如果要查询用户的手机和微信号，可以用如下所示的 SQL 语句。

select 
    `user_id`,
    json_unquote(json_extract(`login_info`, '$.tel')) as 手机号,
    json_unquote(json_extract(`login_info`, '$.wechat')) as 微信 
from `tb_test`;

+---------+-------------+-----------+
| user_id | 手机号      | 微信       |
+---------+-------------+-----------+
|       1 | 13122335566 | jackfrued |
|       2 | 13599876543 | NULL      |
+---------+-------------+-----------+

因为支持 JSON 类型，MySQL 也提供了配套的处理 JSON 数据的函数，就像上面用到的json_extract和json_unquote。
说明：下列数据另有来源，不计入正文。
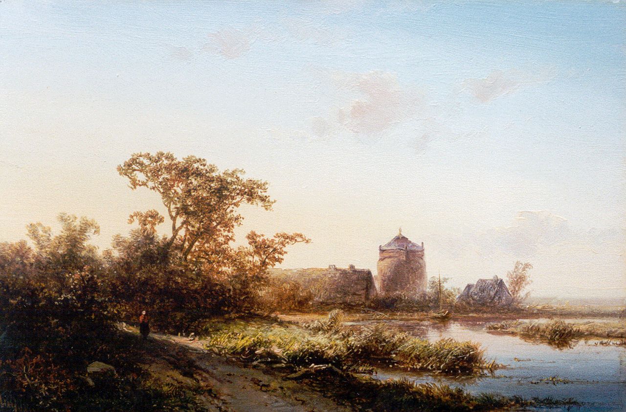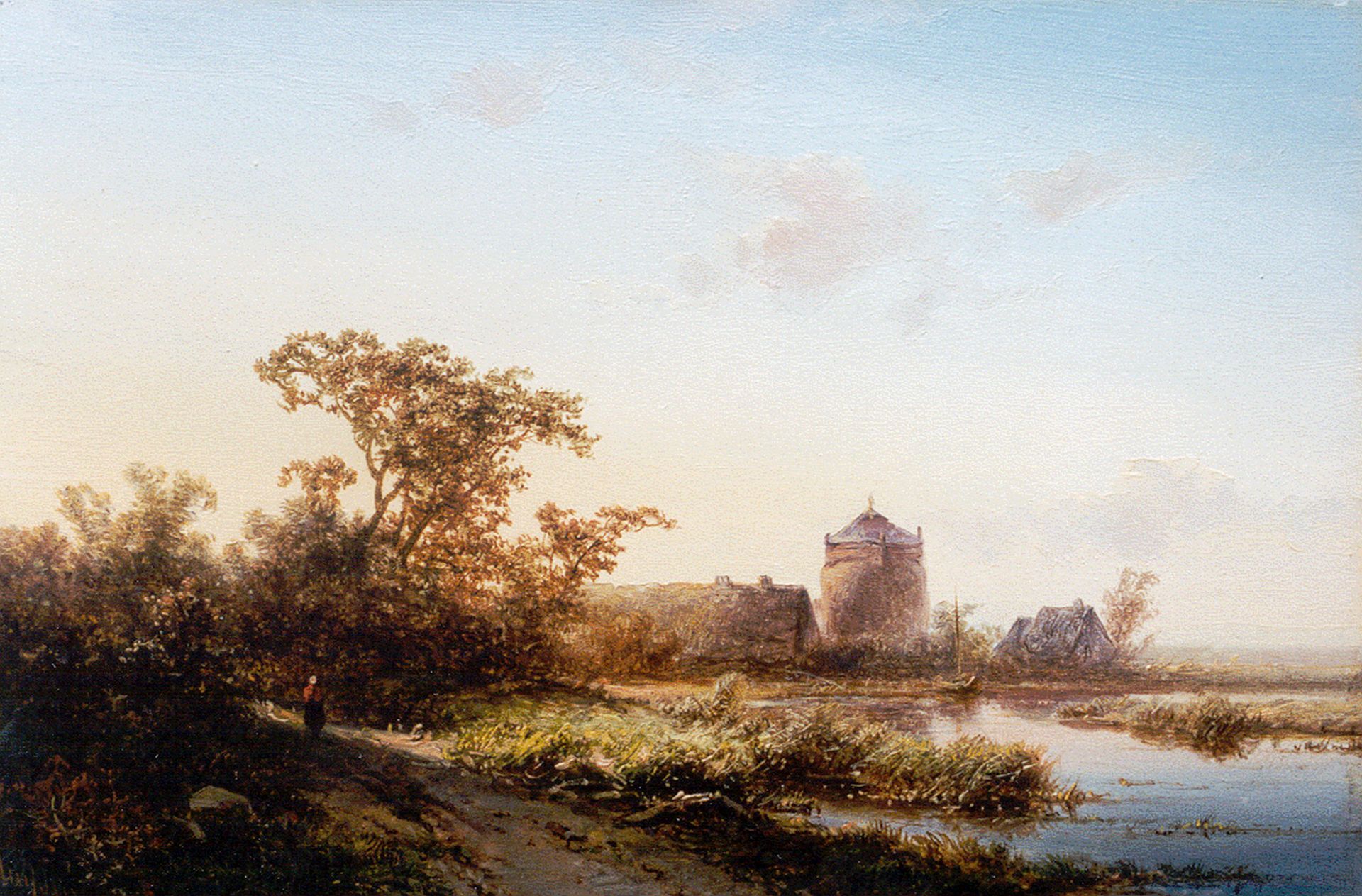 Pieter Kluyver kunstwerk • schilderij • voorheen te koop Zomers rivierlandschap bij zonsondergang

当然，上面的 SQL 还有更为便捷的写法，如下所示。

select 
	`user_id`,
    `login_info` ->> '$.tel' as 手机号,
    `login_info` ->> '$.wechat' as 微信
from `tb_test`;

再举个例子，如果我们的产品要实现用户画像功能（给用户打标签），然后基于用户画像给用户推荐平台的服务或消费品之类的东西，我们也可以使用 JSON 类型来保存用户画像数据，示意代码如下所示。

创建画像标签表。

create table `tb_tags`
(
`tag_id` int unsigned not null comment '标签ID',
`tag_name` varchar(20) not null comment '标签名',
primary key (`tag_id`)
) engine=innodb;

insert into `tb_tags` (`tag_id`, `tag_name`) 
values
    (1, '70后'),
    (2, '80后'),
    (3, '90后'),
    (4, '00后'),
    (5, '爱运动'),
    (6, '高学历'),
    (7, '小资'),
    (8, '有房'),
    (9, '有车'),
    (10, '爱看电影'),
    (11, '爱网购'),
    (12, '常点外卖');

为用户打标签。

create table `tb_users_tags`
(
`user_id` bigint unsigned not null comment '用户ID',
`user_tags` json not null comment '用户标签'
) engine=innodb;

insert into `tb_users_tags` values 
    (1, '[2, 6, 8, 10]'),
    (2, '[3, 10, 12]'),
    (3, '[3, 8, 9, 11]');

接下来，我们通过一组查询来了解 JSON 类型的巧妙之处。

查询爱看电影（有10这个标签）的用户ID。

select `user_id` from `tb_users_tags` where 10 member of (`user_tags`->'$');

查询爱看电影（有10这个标签）的80后（有2这个标签）用户ID。

select `user_id` from `tb_users_tags` where json_contains(`user_tags`->'$', '[2, 10]');

查询爱看电影或80后或90后的用户ID。

select `user_id` from `tb_users_tags` where json_overlaps(user_tags->'$', '[2, 3, 10]');

说明：上面的查询用到了member of谓词和两个 JSON 函数，json_contains可以检查 JSON 数组是否包含了指定的元素，而json_overlaps可以检查 JSON 数组是否与指定的数组有重叠部分。

窗口函数

MySQL 从8.0开始支持窗口函数，大多数商业数据库和一些开源数据库早已提供了对窗口函数的支持，有的也将其称之为 OLAP（联机分析和处理）函数，听名字就知道跟统计和分析相关。为了帮助大家理解窗口函数，我们先说说窗口的概念。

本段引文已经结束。